RECORD EXTRACTS
[Start of section]
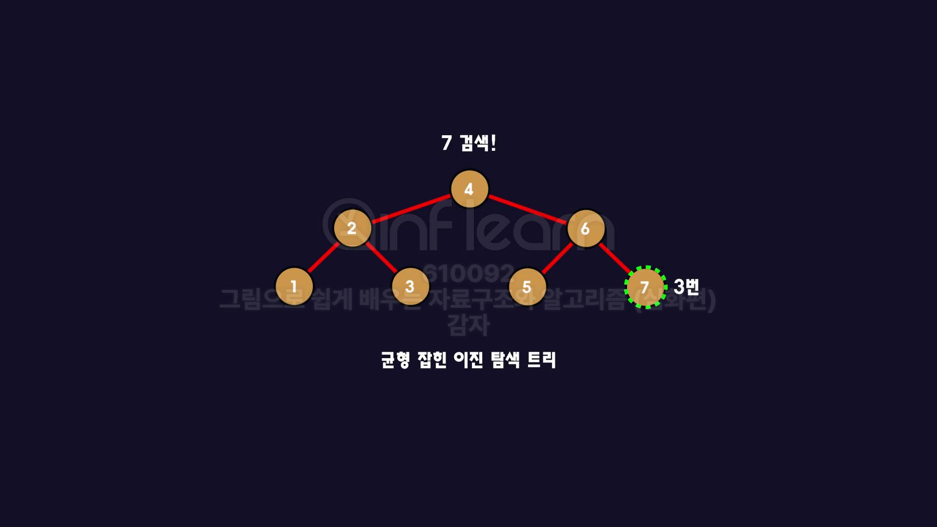 만약 균형 잡힌 이진 탐색 트리였다면 7을 검색하는데는 3번 즉 logn의 시간복잡도를 갖게 됩니다.
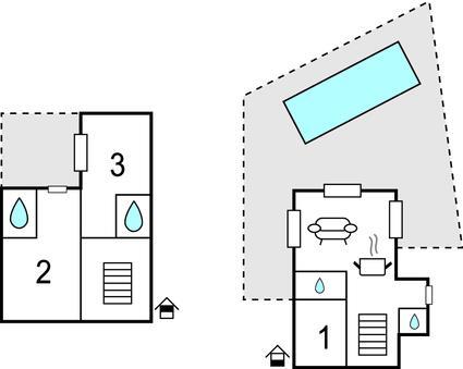 Badezimmer (nr. 3) - WC. Warmes und kaltes Wasser. Dusche
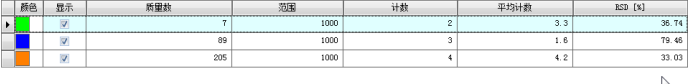 以1×10-2 mg/L Be、In、Bi、混合溶液進樣,測量質(zhì)量數(shù)9,115,209處的離子計數(shù),在不少于2h內(nèi),重復(fù)測量不少于10個數(shù)據(jù),并計算相對標準偏差RSD,即為儀器短期穩(wěn)定性。
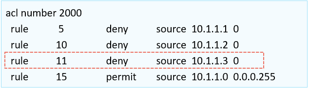 如果在acl 3000中插入`rule deny ip source 1.1.1.1 0`(目的IP地址是主机地址,优先级高于上图中的两条规则),系统将按照规则的优先级关系,重新为各规则分配编号。插入新规则后,新的排序如下。
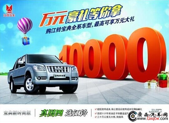 據(jù)獲悉,即日起到江鈴旗下廣西云匯4S店購江鈴皮卡柴油寶典指定車型就有機(jī)會享受*高萬元豪華大禮包,其中現(xiàn)購江鈴寶典新時尚版現(xiàn)金讓利5000元再加砸金蛋 (*高可中5000元維修代金券),購江鈴寶典新超值版參加砸金蛋活動*高可享0.5萬元豪禮。購車皆有禮!“金”喜不斷!歡迎新老客戶來電(店)選購。
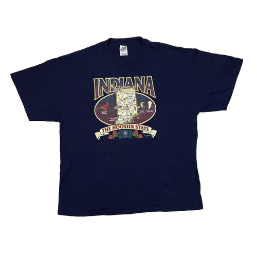 Early 00’s Delta INDIANA “The Hoosier State” Map Souvenir Spellout Graphic T-Shirt
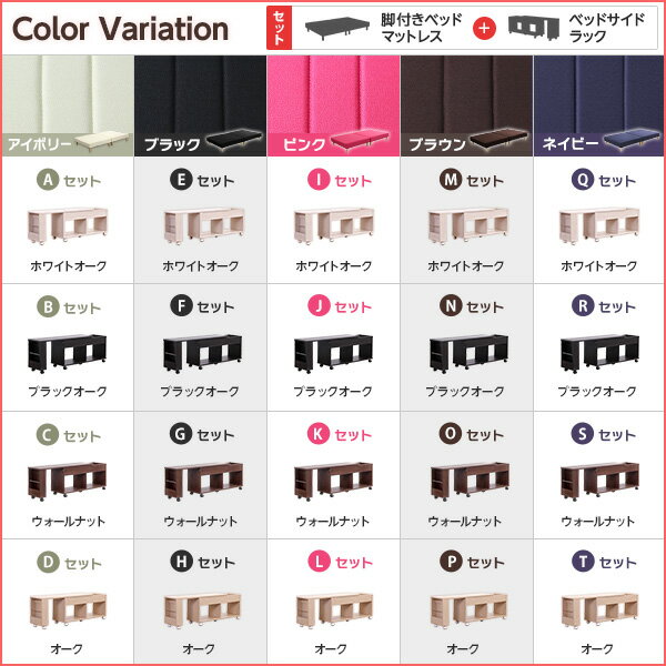 【商品について】脚付きマットレスベッド【-Ilene-イレーヌ】(伸縮式ベッドサイドラックセット)(ポケットコイル・シングル用)■サイズ:外寸:(ベッド)シングル:(約)幅97x長さ194x高さ31cm(脚の長さ:15cm含む)(約)29.5kg(ラック)外寸:(約)幅100〜178x奥29.2x高44.5cm(約)13kg■カラー:(ベッド)ブラック アイボリー ブラウン ピンク ネイビー(ラック)ウォールナット オーク ホワイトオーク ブラックオーク■素材:(ベッド)貼り材:ポリエステル クッション材:ポケットコイル、ウレタンフォーム、フェルト、不織布 脚:木製脚15cm(ラック)材質:パーチクルボード、MDF 表面材:プリント紙化粧合板■その他:・お客様組立商品です・梱包サイズ:(約)幅97x長さ104x高さ32cm(約)30.5kg(ラック)(約)108x32.5x12cm(約)14.75kg
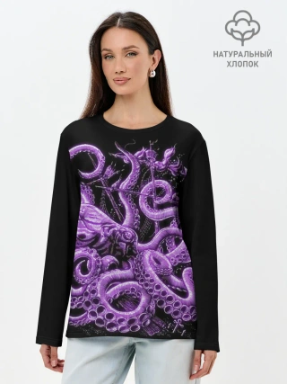 Лонгслив женский. Хлопок / Фиолетовый Кракен
[End of section]
EXERCISE GOAL
Set the material down exactly, images excluded.

RESPONSE
 만약 균형 잡힌 이진 탐색 트리였다면 7을 검색하는데는 3번 즉 logn의 시간복잡도를 갖게 됩니다.
 Badezimmer (nr. 3) - WC. Warmes und kaltes Wasser. Dusche
 以1×10-2 mg/L Be、In、Bi、混合溶液進樣,測量質(zhì)量數(shù)9,115,209處的離子計數(shù),在不少于2h內(nèi),重復(fù)測量不少于10個數(shù)據(jù),并計算相對標準偏差RSD,即為儀器短期穩(wěn)定性。
 如果在acl 3000中插入`rule deny ip source 1.1.1.1 0`(目的IP地址是主机地址,优先级高于上图中的两条规则),系统将按照规则的优先级关系,重新为各规则分配编号。插入新规则后,新的排序如下。
 據(jù)獲悉,即日起到江鈴旗下廣西云匯4S店購江鈴皮卡柴油寶典指定車型就有機(jī)會享受*高萬元豪華大禮包,其中現(xiàn)購江鈴寶典新時尚版現(xiàn)金讓利5000元再加砸金蛋 (*高可中5000元維修代金券),購江鈴寶典新超值版參加砸金蛋活動*高可享0.5萬元豪禮。購車皆有禮!“金”喜不斷!歡迎新老客戶來電(店)選購。
 Early 00’s Delta INDIANA “The Hoosier State” Map Souvenir Spellout Graphic T-Shirt
 【商品について】脚付きマットレスベッド【-Ilene-イレーヌ】(伸縮式ベッドサイドラックセット)(ポケットコイル・シングル用)■サイズ:外寸:(ベッド)シングル:(約)幅97x長さ194x高さ31cm(脚の長さ:15cm含む)(約)29.5kg(ラック)外寸:(約)幅100〜178x奥29.2x高44.5cm(約)13kg■カラー:(ベッド)ブラック アイボリー ブラウン ピンク ネイビー(ラック)ウォールナット オーク ホワイトオーク ブラックオーク■素材:(ベッド)貼り材:ポリエステル クッション材:ポケットコイル、ウレタンフォーム、フェルト、不織布 脚:木製脚15cm(ラック)材質:パーチクルボード、MDF 表面材:プリント紙化粧合板■その他:・お客様組立商品です・梱包サイズ:(約)幅97x長さ104x高さ32cm(約)30.5kg(ラック)(約)108x32.5x12cm(約)14.75kg
 Лонгслив женский. Хлопок / Фиолетовый Кракен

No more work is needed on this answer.